EXERCISE DATA START

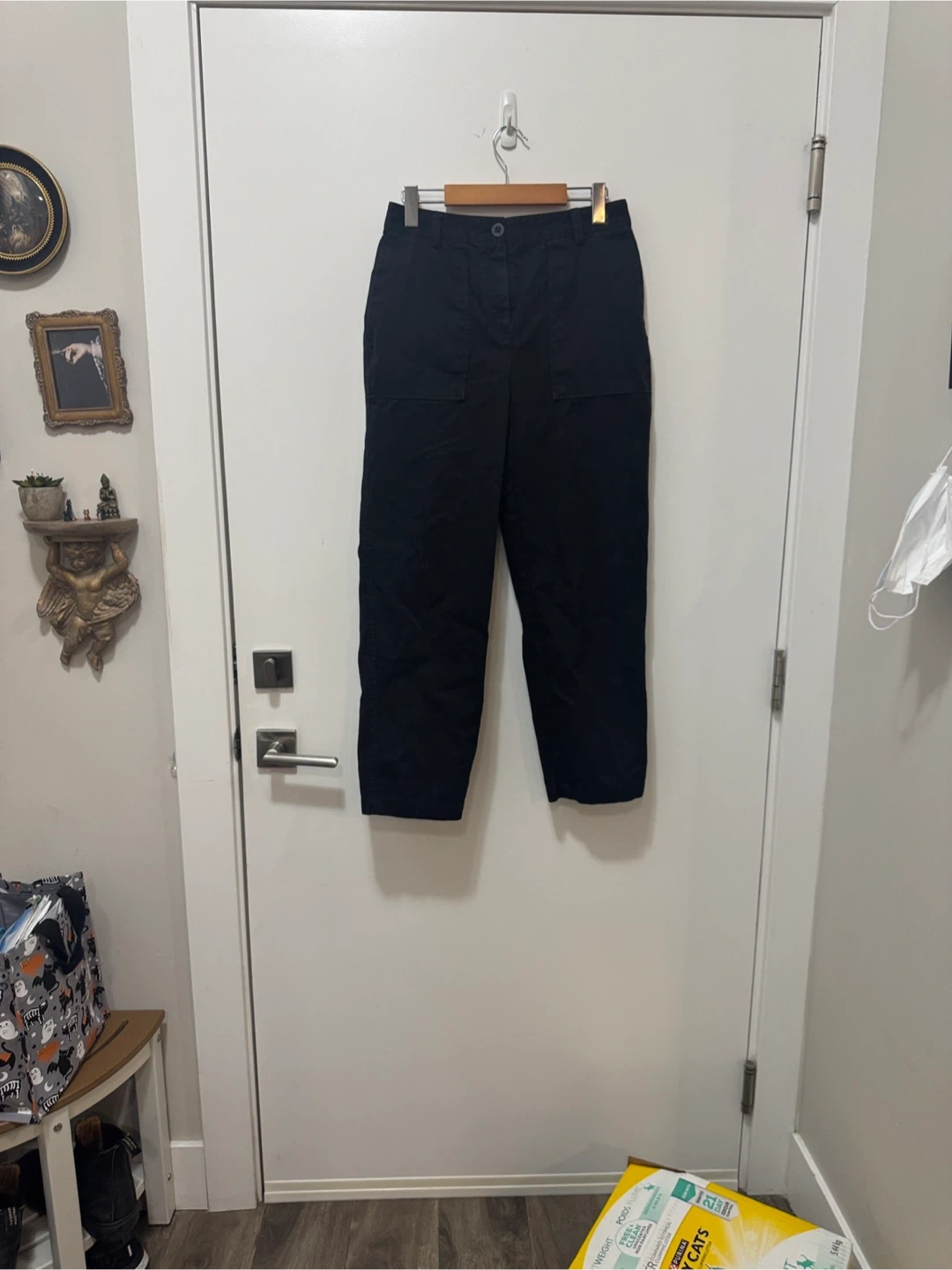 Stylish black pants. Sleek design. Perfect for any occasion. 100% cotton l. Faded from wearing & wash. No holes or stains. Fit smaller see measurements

EXERCISE DATA END
EXERCISE DATA START

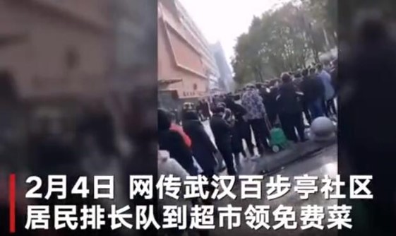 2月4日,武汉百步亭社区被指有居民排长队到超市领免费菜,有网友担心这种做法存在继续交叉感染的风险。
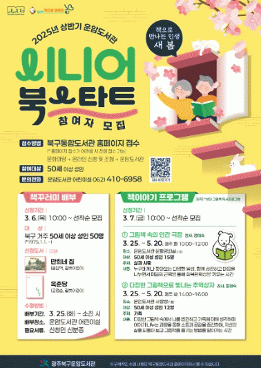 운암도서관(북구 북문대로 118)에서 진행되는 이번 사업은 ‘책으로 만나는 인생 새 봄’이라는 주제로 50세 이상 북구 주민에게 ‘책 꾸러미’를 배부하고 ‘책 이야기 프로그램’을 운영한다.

EXERCISE DATA END

PROBLEM DETAILS: What do the entries above read from the line containing "2月4日,武汉百步亭社区被指" through the line containing "운암도서관(북구 북문대로 118)에서"? Output those lines exactly, both ends included, with the pictures left out.

THE ANSWER:
 2月4日,武汉百步亭社区被指有居民排长队到超市领免费菜,有网友担心这种做法存在继续交叉感染的风险。
 운암도서관(북구 북문대로 118)에서 진행되는 이번 사업은 ‘책으로 만나는 인생 새 봄’이라는 주제로 50세 이상 북구 주민에게 ‘책 꾸러미’를 배부하고 ‘책 이야기 프로그램’을 운영한다.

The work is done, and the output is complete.